If the Partner withdrawing a portion or all of the
value of his capital account in the Partnership desires an immediate
payment in cash, the Partnership at its earliest convenience may pay
eighty percent (80%) of the estimated value of his capital account and
settle the balance in accordance with the valuation and payment
procedures set forth in items 18 and 20.
- Forbidden Acts.
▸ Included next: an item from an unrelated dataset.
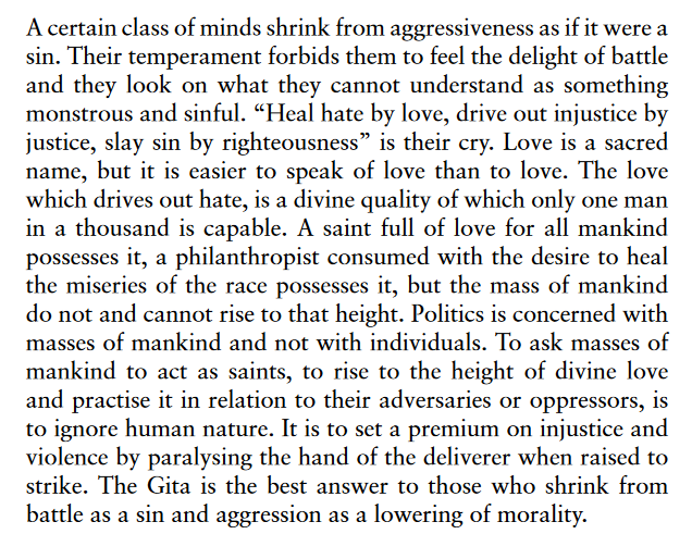 ஸ்ரீ அரோபிந்தோ அவர்களின் மேற்கோட்களைக் கொடுத்துக்கொண்டே செல்லலாம்…  ‘கீதைக் கட்டுரைகள்’ தொகையிலிருந்து நிறைய எடுத்துக்காட்டுகளைக் கொடுக்கலாம்.
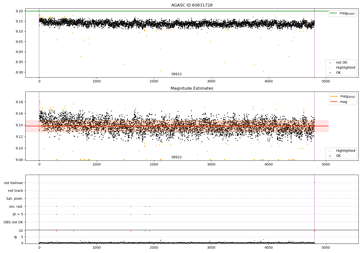 | OBSID | Time | Row | Col | N | Nok | Nout | ftrack | fdr3 | fdr5 | fok | ⟨ δ mag ⟩ 100s | ⟨ mag ⟩ | σmag | Comments |

No Partner shall:
(a) Have the right or authority to bind or obligate the
Partnership to any extent whatsoever with regard to any matter outside
the scope of the Partnership purpose.
(b) Except as provided in paragraph 16A, without the
unanimous consent of all the other Partners, assign, transfer, pledge,
mortgage or sell all or part of his interest in the Partnership to any
other Partner or other person whomsoever, or enter into any agreement as
the result of which any person or persons not a Partner shall become
interested with him in the Partnership.
(c) Purchase an investment for the Partnership where
less than the full purchase price is paid for same.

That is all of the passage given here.